Closed ilijanikolov closed 1 year ago
Thanks for the suggestion. At the moment, we don't have any examples like that, but certainly this kind of thing can (and has) been done. You'll just have to put it together yourself at the moment. I'll give a brief outline of how this could be done below, but first:
Currently, the only part of the Hamiltonian which is easy to make time-dependent (in a non-hacky way) is the external field. This can be done with set_external_field!(sys, B)
or, if you only want to change the field for certain sites, set_external_field_at!(sys, B, site)
. These functions may be called at any point between integration steps.
For example, suppose you have some time series stored in a vector pulse_series
. This vector is nsteps
long and each element of pulse_series
is itself a 3-vector specifying the external field. Then you could modulate the field dynamically with the following loop.
for i in 1:nsteps
step!(sys, integrator)
set_external_field!(sys, pulse_series[i])
# Record the trajectory of some observable or accumulate some average value
end
Similarly, you could apply an arbitrary perturbation to the spin state (e.g., random rotations) in the same way.
for i in 1:nsteps
step!(sys, integrator)
if mod1(i, interval) == 1 # Only do this every `interval` steps
for site in eachsite(sys)
perturb_spin!(sys, site) # You would have to write `perturb_spin!` function
end
end
# Record the trajectory of some observable or accumulate some average value
end
To change or record a spin, you would have to act on the state of your System
. If you are in dipole mode (regular Landau-Lifshitz), the spins are stored in sys.dipoles
. This is a 4-dimensional array, three lattice indices and a final atom index. Each entry of this array is a real 3-vector, storing sx, sy and sz in the global frame.
If you are in SU(N) mode, you can access dipole information in the same way, if you're only interested in dipoles. If you want to access the "generalized spins" (SU(N) coherent states), these are stored in sys.coherents
, which is a similarly shaped array. Each entry of this array is a complex N-vector. You can use these to take the expectation value of an arbitrary observable.

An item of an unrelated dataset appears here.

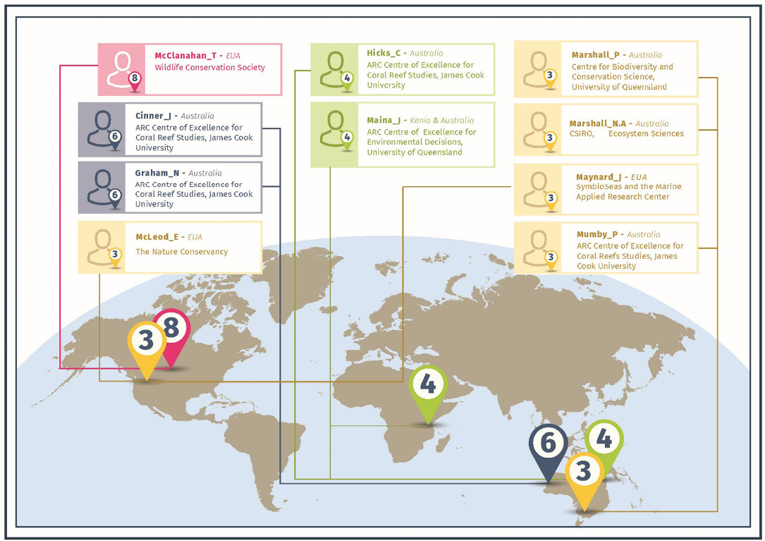 En la Figura 4 se observan los autores con mayor número de publicaciones relacionados con este tema, el país y el sitio de adscripción de cada uno, así como el número de trabajos publicados. Los autores con mayor número de publicaciones en revistas indizadas se encuentran en Australia, excepto tres de ellos que están en Estados Unidos de América. El autor con mayor número de trabajos es McClanahan, adscrito a la asociación civil Sociedad para la Conservación de la Vida Silvestre en los Estados Unidos de América (ocho trabajos), seguido de los investigadores Cinner y Graham, con seis trabajos cada uno y ambos adscritos al Centro de Excelencia de Estudios de Arrecifes de Coral de la Universidad James Cook en Queensland, Australia. En cuanto a las zonas de estudio de las publicaciones en revistas indizadas, la mayoría de ellas se dirigen a Australia, la Gran Barrera de Coral, y Oceanía (30%); le sigue la región del lndo-Pacífico, con 22% y 7% para la región del Caribe.

Just to add this, here's a working example on how to build a customized time-integrator using Sunny's time-integrator as a base (based on David's design above), by way of integrating with the excellent DynamicalSystems.jl
package.
Output should look something like this:
@ilijanikolov is a time-dependent field sufficient for you, or did you have in mind more general perturbations to the hamiltonian?
This look good! Thanks so much!
I was wondering if there are any notebooks\examples of how to access the time domain average values of operators, for example <Ix(t)> of the system. In addition, is there any way to apply pulses (time-dependent Hamiltonian) or QM rotations (instantaneous pulse approximation) This is motivated by applications to NMR.
Thanks.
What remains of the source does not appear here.